What makes democracy within the African contest unattractive is its corruptibility. But the danger is that there are no exceptions, since all those who serve in government during various periods resort to the same schemes. They know no other, and attempts to impose anything fundamentally different will face resistance with risks to stability. This explains the re-hiring of well known past corrupt officials or those with horrible human rights records, for fears that they could cause trouble. And since those at the helm are operating on the same platform, such fears are logical. 

This presents a question whether drastic reforms needed to enhance the performance of the state and cut down the unnecessary and growing fat can be done within the framework of ‘democracy’ as it is?

As the Pakistani charity leader suggested, the answer is an absolute no for various reasons.

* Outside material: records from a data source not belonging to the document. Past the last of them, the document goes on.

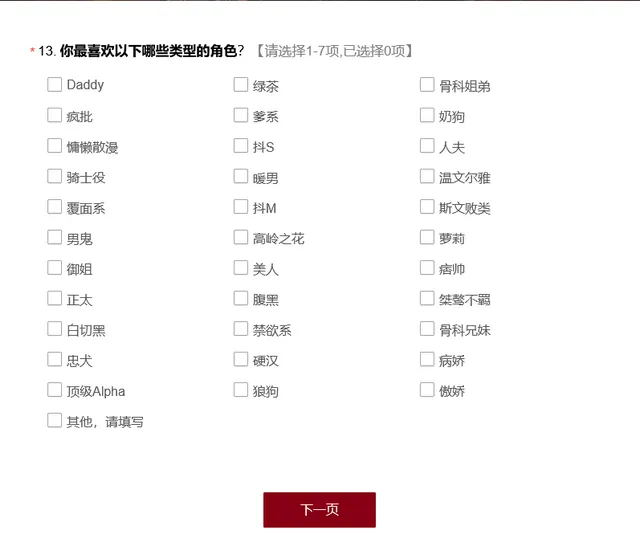 相比“家族復興”和“復仇大業”的敍事正餐,和不同角色之間的曖昧互動不過是穿插期間的不同甜點。“在既得利益者的眼中,所有威脅自身地位的人事物,都是毒瘤。”比起Boy meets girl的角色模板,更多從題材設定到角色塑造,從文本尺度到敍事風格,撲面而來的都是“不按常理出牌”。 畢竟,在之前遊戲首測招募問卷裏的玩家喜好調查選項,幾乎就已經就挑明瞭遊戲的“女本位”定位——掌握權力和力量的主角,才是“保護”和“挑選”的那方。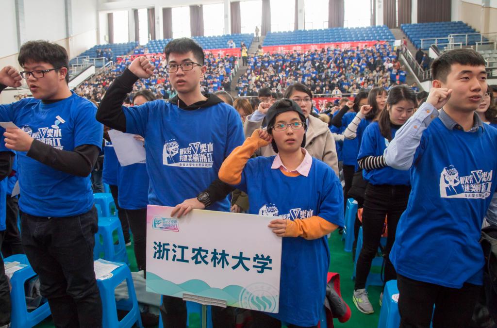 3 月18 日,BEAT36550名“生态志愿者”作为全省省属高校学生代表参加全省大学生“剿灭劣V类水 共建美丽浙江”主题实践活动出征仪式。省委常委、宣传部长葛慧君宣布主题实践活动正式启动,副省长成岳冲出席出征仪式。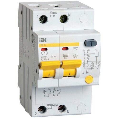 Выключатель автоматический дифференциального тока 2п C 10А 30мА тип AC 4.5кА АД-12 IEK MAD10-2-010-C-030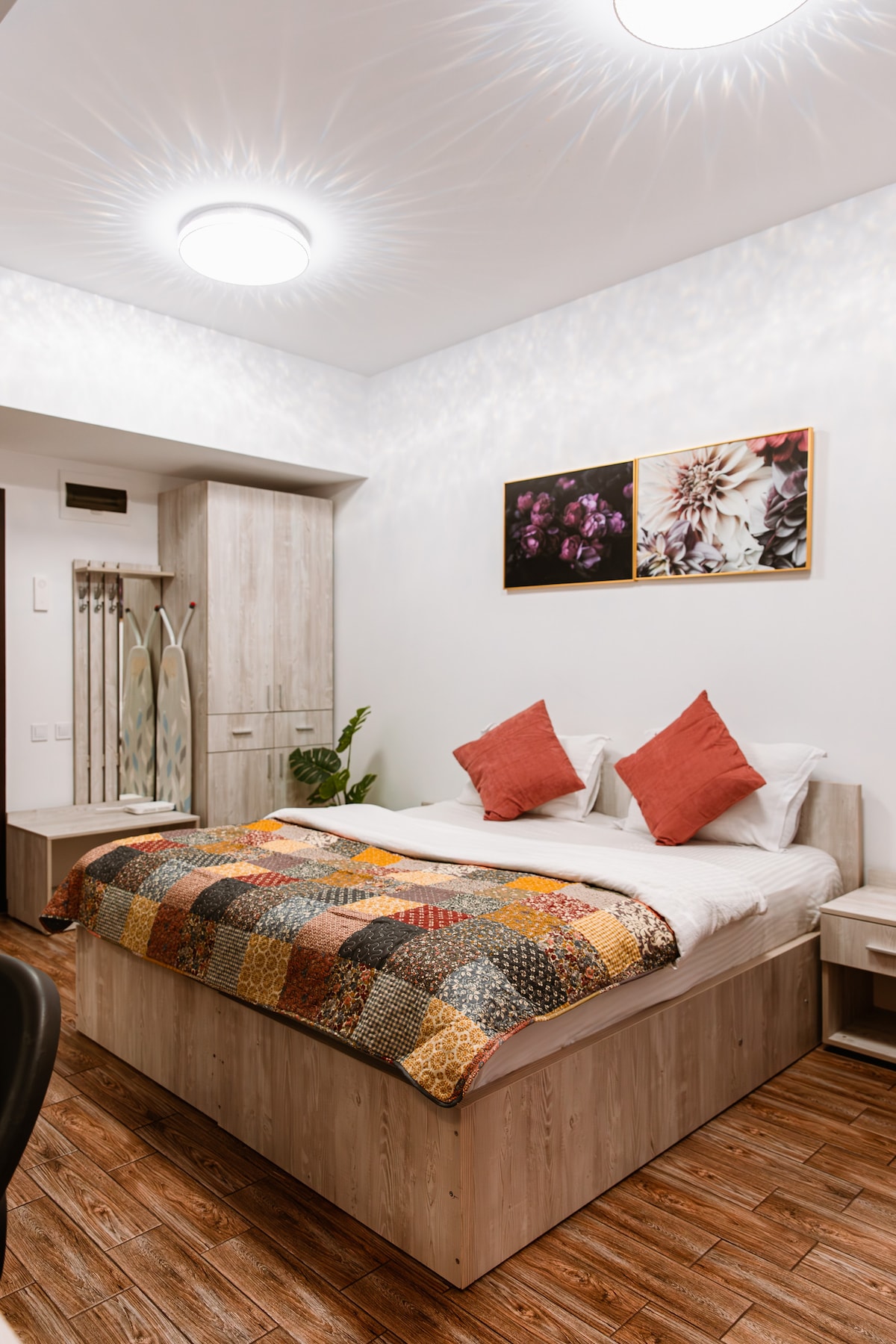Welcome to your Home in Victoriei, your cozy retreat in the heart of the city! Designed to make you feel at home, this modern minimalist style combines warmth and elegance with a soothing palette of light brown, cream, and gray. The inviting bedroom features soft textures, natural wood flooring, and a serene ambiance, perfect for relaxation. Thoughtfully decorated, subtle accents, this space blends simplicity with comfort, creating a stylish and peaceful escape. Your home away from home awaits!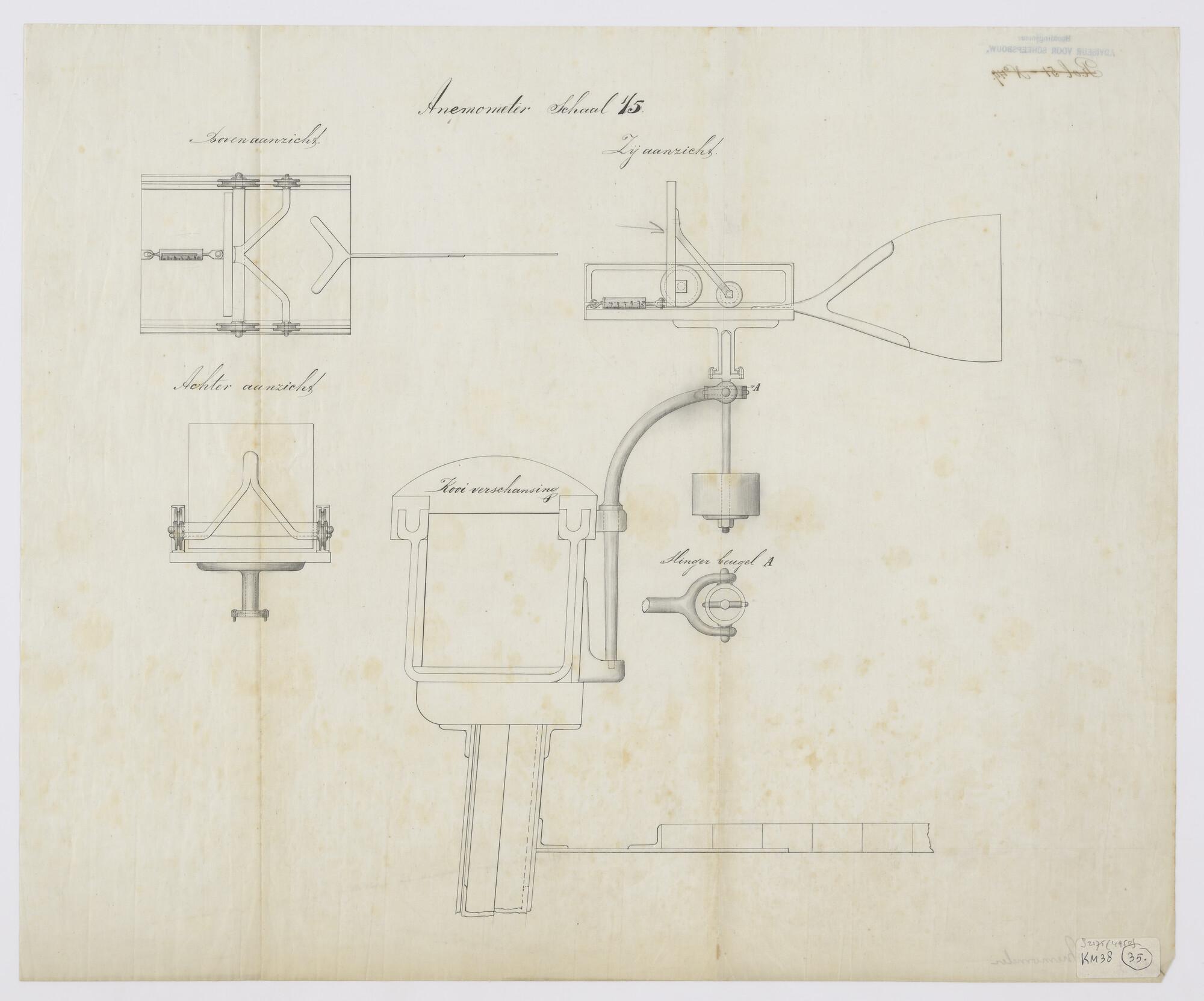 Zijaanzicht en bovenaanzicht van een thrustmeter

Most players, if not all, in the ‘democracy’ have intrinsic and similar interests, and that is to preserve their personal benefits. Thus when a senator emphatically vowed that an anticorruption bill would not be passed as long as he and his colleagues are senators, he was presenting a position of honesty.

But even where laws are passed, implementing them presents the test. For example, the President has released a bulky Code of Conduct for public servants under the Executive. The test now is to implement it, and implementing it would encompass all the brothers, sisters, in-laws, nephews, cousins, uncles, etc. of high-ranking government officials stuffed in the government with high benefits beyond the public’s rights to know.

In this ‘democracy’ any suggestion of halting the rising salaries and benefits of legislators will encounter resistance, since the legislature must approve the budget.

Thus with the level of incompetence, corruption and greed, it is difficult to see how reforms can be carried out. In this, the poor will be the sacrificial lambs until there is a serious schism for the system to be recycled. But even the poor, placed in charge, will have no new model. It is an endangered society.